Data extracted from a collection
---------------
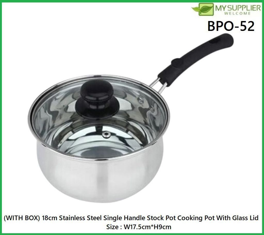 BPO-52 (WITH BOX) 18cm Stainless Steel Single Handle Stock Pot Cooking Pot With Glass Lid W17.5cm*H9cm
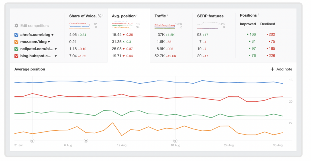 With the rank tracker feature, you can simply import a list of your keywords, pick your competitors, and Ahrefs will automatically track that information over time. There’s also a competitive overview chart that shows exactly how your positions are changing in the SERPs compared to your top competitors.
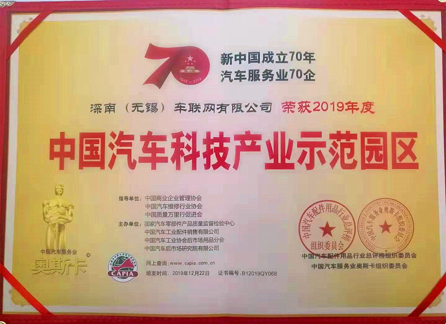 2019.122019年12月,在由中國(guó)汽車配件用品行業(yè)總評(píng)榜組織委員會(huì)、中國(guó)汽車服務(wù)業(yè)奧斯卡組織委員會(huì)主辦的“新中國(guó)成立70年 汽車服務(wù)業(yè)70企”評(píng)選中,深南(無(wú)錫)車聯(lián)網(wǎng)有限公司榮獲2019年度中國(guó)汽車科技產(chǎn)業(yè)示范園區(qū)。
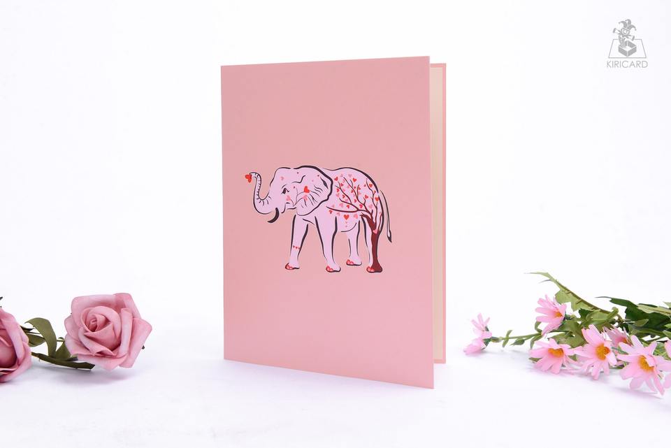 การ์ดป๊อปอัพ3D รูปช้างต้นไม้น่ารักของที่ระลึกกระดาษสำหรับส่งออกดีไซน์แบบกำหนดเอง
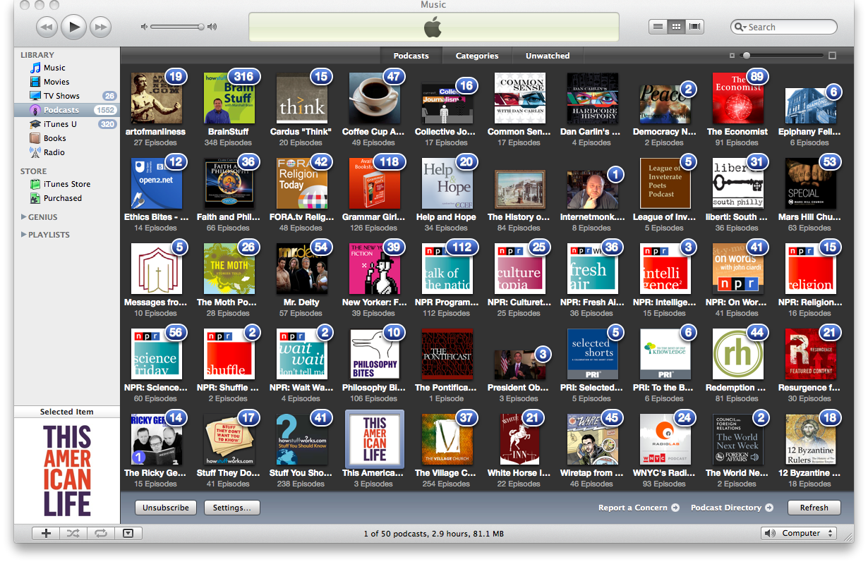 Look at that picture above. Click on it to make it bigger. That’s my iTunes. As you can see, I listen to a LOT of podcasts. And no, this isn’t just a narcissistic moment to seem smart. You see all those blue numbers above each podcast? Well, those are just the episodes I haven’t listened to. Also notice the 320 iTunesU lectures that have also been neglected.
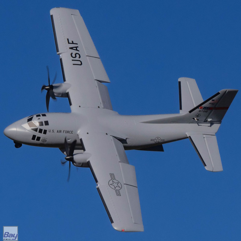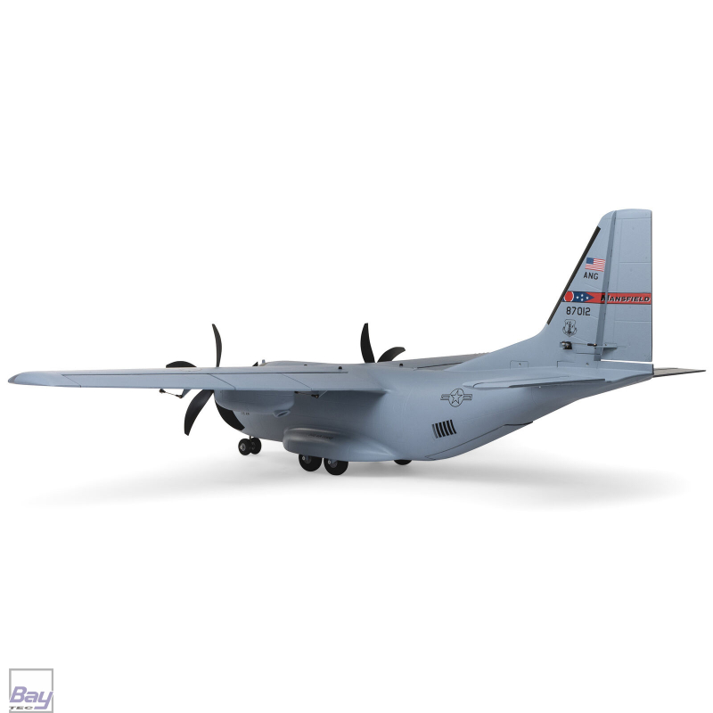 Es sind acht werkseitig installierte Servos verbaut, darunter Servos mit Metallgetriebe auf allen Ruderflächen sowie ein Servo für die funktionale Frachttür, sodass du Nutzlasten in dem großen Laderaum transportieren und absetzen kannst. Die realistisch aussehende LED-Lande-, Navigations- und ACL-Beleuchtung wird vom Flugakku gespeist, sodass du von morgens bis abends fliegen kannst – von Hart- und Rasenpisten, oder im Schnee mit den mitgelieferten Skiern; oder von großen Teichen und Seen mit den optionalen Schwimmern (separat erhältlich). Du kannst auch die magnetische Nase abnehmen und eine GoPro® oder eine ähnliche Kamera für HD-Luftaufnahmen montieren, oder du installierst eine separate FPV-Kamera an dem großen oberen Deckel (Kameras/Ausrüstung separat erhältlich). Darüber hinaus kannst du die mitgelieferten Aufkleber zur Personalisierung der vollständig lackierten grauen Oberfläche mit Markierungen der Ohio Air National Guard, Air Force, Army, Coast Guard, Marines, Navy und anderen verwenden! Das Ergebnis von all dem ist die bisher leistungsfähigste, vielseitigste und unterhaltsamste Zweimot für ein breites Spektrum von fortgeschrittenen bis erfahrenen Piloten, die sich für vorbildgetreues oder sportliches Fliegen und sogar aggressiven 3D-Kunstflug interessieren.
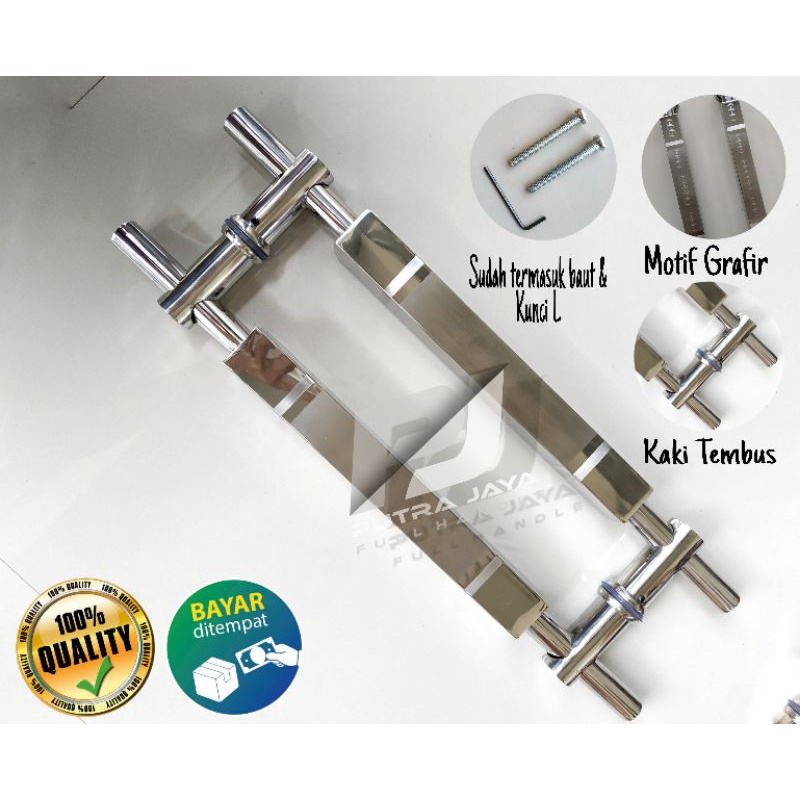 TARIKAN / "PULL HANDLE UTAMA" PINTU RUMAH ELEGAN & MEWAH ➡️Aslinya lebih bagus daripada gambarnya, lebih mulus dan realpict 100%. Garansi uang kembali jika tidak sesuai dengan gambar ▪︎Model : Handle Sunduk Kotak▪︎Bahan : Stanlise, kuat dan tahan lama ▪︎Panjang : 45 cm ▪︎Harga tertera adalah harga per 1 pasang, mendapat 2 buah handle▪︎Handmade dari tangan pertama, selalu ada/ ready stok karena kami produksi sendiri. Dijamin harga lebih murah▪︎TERSEDIA WARNA ;
---------------
* _Your task_
Only the lines above starting with the line with "2019.122019年12" and going on through the line with "การ์ดป๊อปอัพ3D" belong in the answer; repeat them exactly, minus any picture.

* _Solution to this task_
 2019.122019年12月,在由中國(guó)汽車配件用品行業(yè)總評(píng)榜組織委員會(huì)、中國(guó)汽車服務(wù)業(yè)奧斯卡組織委員會(huì)主辦的“新中國(guó)成立70年 汽車服務(wù)業(yè)70企”評(píng)選中,深南(無(wú)錫)車聯(lián)網(wǎng)有限公司榮獲2019年度中國(guó)汽車科技產(chǎn)業(yè)示范園區(qū)。
 การ์ดป๊อปอัพ3D รูปช้างต้นไม้น่ารักของที่ระลึกกระดาษสำหรับส่งออกดีไซน์แบบกำหนดเอง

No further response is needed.